ConJur — Quais as políticas públicas que defende para tentar resolver essa situação?

Zito Alvarenga — Ações afirmativas, de forma geral. Oportunidade de empregos, escolas melhores, políticas de saúde voltadas para negros. É cientificamente provado que algumas doenças atingem mais os negros, como a anemia falciforme, pressão alta. É preciso dirigir um segmento científico para desenvolver um trabalho para atender essa parte da população.

ConJur — No lugar de estabelecer percentuais de cotas, não seria mais justo oferecer incentivos fiscais que atinja toda essa população, independente de um número pré-estabelecido?

Zito Alvarenga — Por exemplo, em um concurso para um cargo de limpeza dar um ponto para os negros que estiverem concorrendo. É pontuação, não está tirando de ninguém. Mesmo porque quem concorre a esse tipo de cargo, são todos os pobres.

ConJur — O pobre, não o negro.

Zito Alvarenga — A maioria é de negros. A média são três anos de dedicação efetiva aos estudos para se passar em um concurso público hoje. Se não houver um critério objetivo, qual a oportunidade que essas pessoas terão de concorrer nesses grupos? Estabelecendo critérios, os melhores negros serão escolhidos. Nas cotas para as universidades, também.

ConJur — Falando de discriminação de forma geral, temos o recente caso do jogador Richarlyson. O juiz que cuidou do processo foi acusado de homofobia, ao dizer que futebol é coisa para macho e gay não tem que jogar bola.

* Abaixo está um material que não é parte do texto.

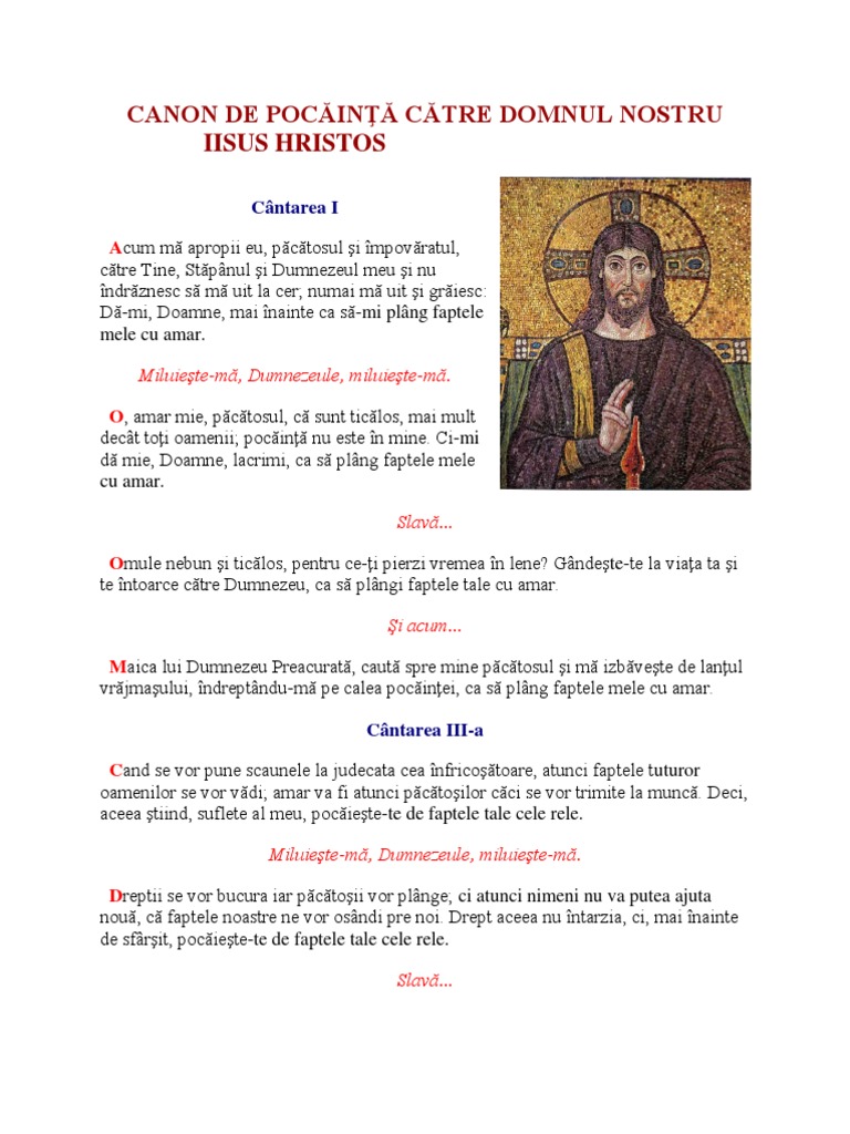 Canon de pocainta catre iisus hristos. împărate ceresc mângâieto rule duhul adevărului care pretutindenea ești și toate le îm plinești vistierul bunătăților și dătătorule de viață vino și te sălășluiește întru noi și ne curățește pe noi de toată întinăciunea și mântuiește bunule sufletele noastre. Canon de pocăință către domnul nostru iisus hristos 22 03 2018 22 03 2018 doar ortodox niciun comentariu canon domnul iisus hristos iertare mila pacate pocainta rugaciune spovedanie. Numai mă uit şi grăiesc. Numai ma uit si graiesc.
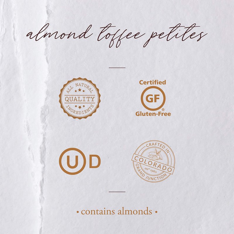 - ALMOND TOFFEE PETITES | The perfect blend of almonds, butter and pure cane sugar, fully enrobed in a generous layer of milk chocolate and sprinkled with crushed almonds, creates a buttery toffee with a delicate crunch
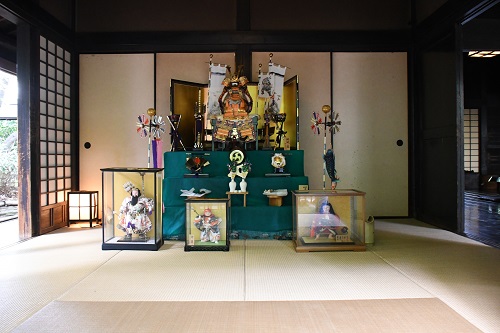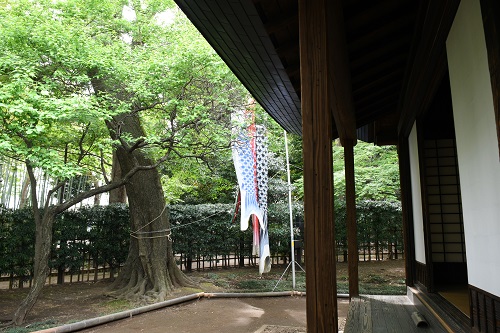 竹林の奥にある、すずめのお宿緑地公園の古民家では、四季折々の日本の伝統行事を行っていて、この時期は五月人形とこいのぼりを飾っています。
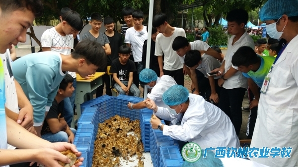 2018年5月11日上午9点半钟,随着一声:“现在我宣布:2018年钦州市校园科普活动启动!”2018年钦州市校园科普活动暨“春茂杯”广西钦州农业学校第16届学生技能竞赛拉开了帷幕,我校师生员工近3000人和来自钦州市钦南区、钦北区22所中学共2000多名中学生参加了启动仪式和体验活动。本次校园科普活动其中一个重头戏是科普参观体验,我校现场开放了科普基地的主要场所和52个技能竞赛及观摩体验项目,还有来自钦州市科协、钦州市气象局、钦州市地震局、钦南区科协、钦州市无人机协会等单位展出的科普宣传展板、科普资料及先进设备,每个项目都充分调动了大家的浓厚兴趣,吸引大家的眼球,特别是无人机模型、智慧农业、多肉植物、奇异花果、冰淇淋、土耳其烤肉、昆虫工艺品、蛋糕裱花、雏鸡接种、蔬菜嫁接、茶艺表演、微景观、原木手绘、手工作品和各种社团展演项目等吸引了更多的参观者驻足观赏和争先体验,参观者仿佛参加了一场科学与艺术高度融合的盛宴,美不胜收,其乐无穷。还有很多同学用手机微信关注防震减灾、人工降雨等各种科普常识,增长了科学知识,开阔了视野。
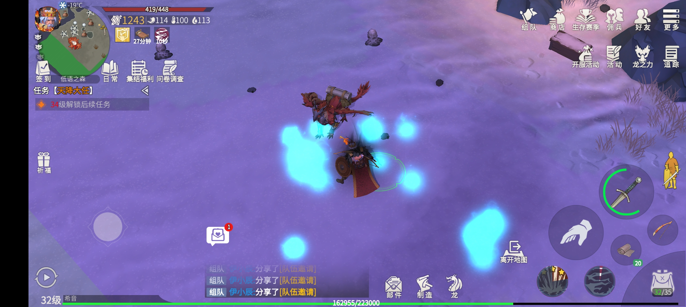 在冲进去开打之前,准备工作可千万不能马虎。你的等级最好达到23级,这是解锁这个副本的基本要求。装备方面,一套厚布套装是保暖的底线,武器推荐用青铜剑或者铁剑,再带上一面木盾增加点容错率。最最要紧的是体温管理,进图前务必确认自己的保暖值超过19点,不然在里面待着体温会一直往下掉,那可就麻烦了。背包里务必塞上几瓶药汤回血,更要带上像南瓜汤这类能直接恢复体温的食物。技能方面,如果拥有暗龙,它的黑暗缠绕技能是个清小怪的神技,记得带上。工具也别落下,想要采集里面的铁杉木和白桦木,一把铁斧是必需的。
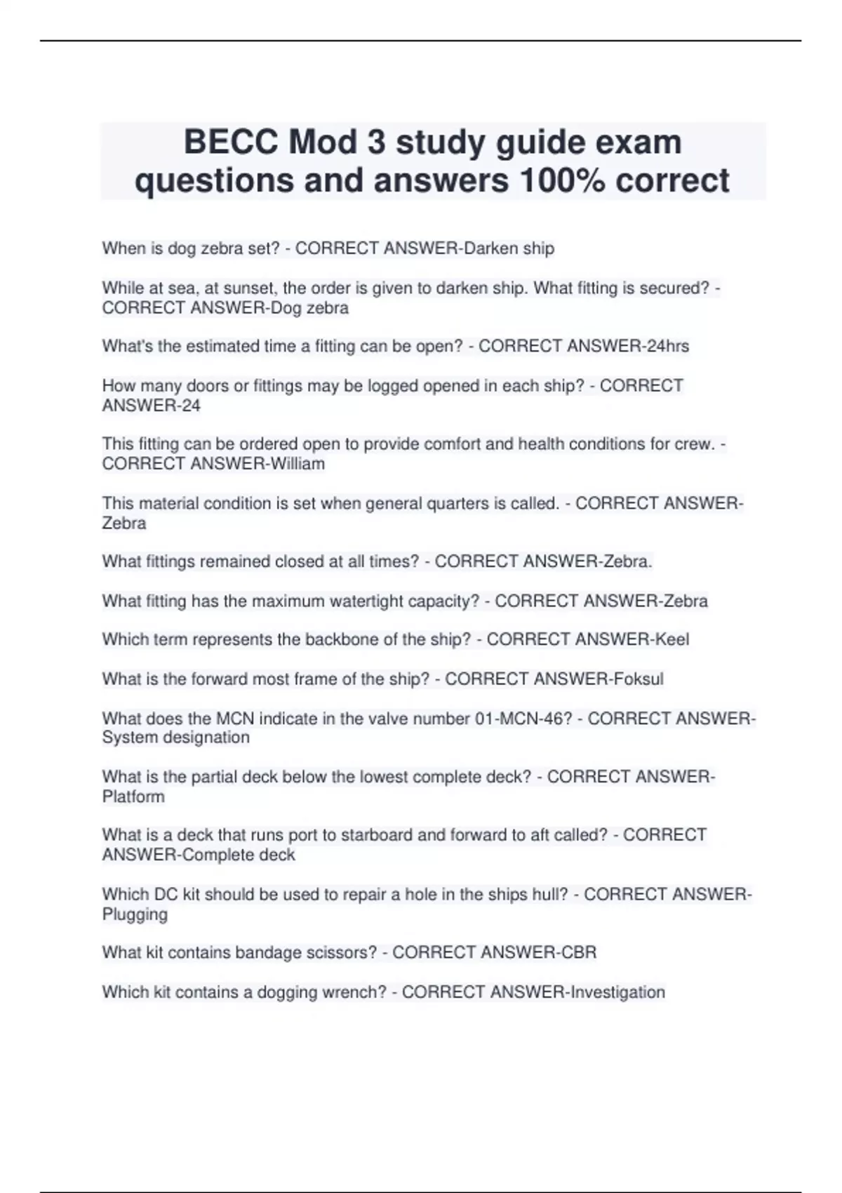 BECC Mod 3 study guide exam questions and answers 100% correct When is dog zebra set? - CORRECT ANSWER-Darken ship While at sea, at sunset, the order is given to darken ship. What fitting is secured? - CORRECT ANSWER-Dog zebra What's the estimated time a fitting can be open? - CORRECT ANSWER-24hrs How many doors or fittings may be logged opened in each ship? - CORRECT ANSWER-24 This fitting can be ordered open to provide comfort and health conditions for crew. - CORRECT ANSWER-William This material condition is set when general quarters is called. - CORRECT ANSWERZebra What fittings remained closed at all times? - CORRECT ANSWER-Zebra. What fitting has the maximum watertight capacity? - CORRECT ANSWER-Zebra Which term represents the backbone of the ship? - CORRECT ANSWER-Keel What is the forward most frame of the ship? - CORRECT ANSWER-Foksul What does the MCN indicate in the valve number 01-MCN-46? - CORRECT ANSWERSystem designation What is the partial deck below the lowest complete deck? - CORRECT ANSWERPlatform What is a deck that runs port to starboard and forward to aft called? - CORRECT ANSWER-Complete deck Which DC kit should be used to repair a hole in the ships hull? - CORRECT ANSWERPlugging What kit contains bandage scissors? - CORRECT ANSWER-CBR
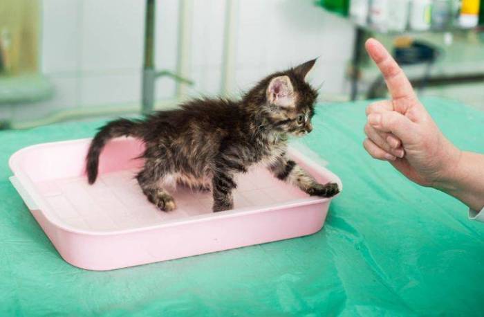 После нескольких оперативных вмешательств котенок начнет понимать, что от него хотят на уровне рефлекса.
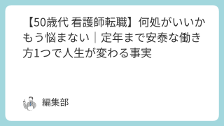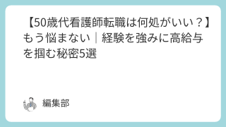 50代からの転職はもう遅い、そんな風に感じていませんか?長年の看護師経験があるのに、正当な評価を得られない夜勤や不規則なシフトで、体力的な50代看護師働き方の限界を感じている職場の看護師人間関係に疲弊し、心身ともに消耗している50代という年...
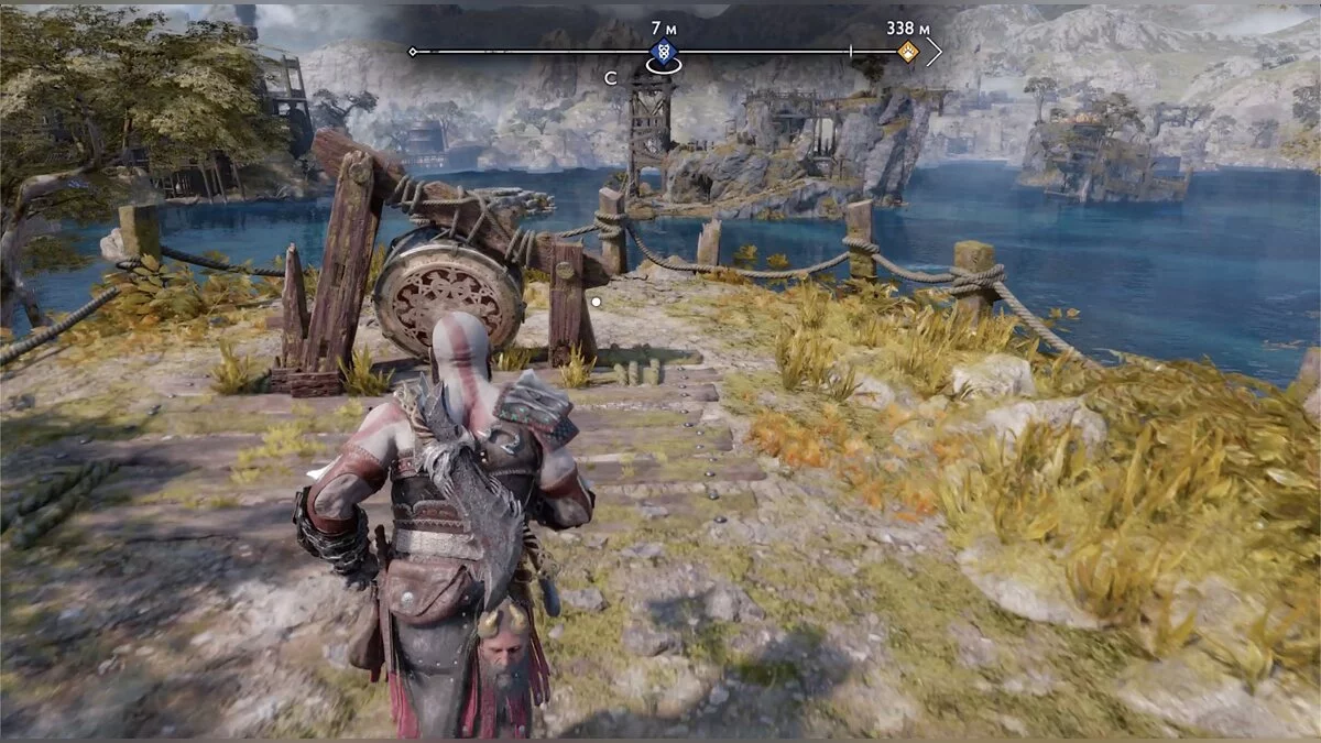Доплывите до буровой установки с той же правой стороны. На берегу Кратоса встретит Синдри, у которого можно улучшить снаряжение. Идите налево.

O fato de o jogador ter entrado com uma queixa-crime contra o diretor do Palmeiras por ter insinuado que ele é gay, também não é uma espécie de homofobia?

Zito Alvarenga — O problema é subjugar alguém a uma situação inferior. O diretor do time, ao comparar a conduta de Richarlyson com a de um gay, com certeza quis ofendê-lo, subjugá-lo. É uma questão subjetiva. Diferente de quando se fala em crimes de roubo, homicídio. Está lá o corpo, o objeto furtado. Estamos falando de comportamento de pessoas. No caso, a decisão do juiz foi preconceituosa, quando ele fala: “daqui a pouco vai virar bagunça, cota para negros, para gays”. O juiz tem que ficar restrito aos termos do processo. Não ir além, nem aquém.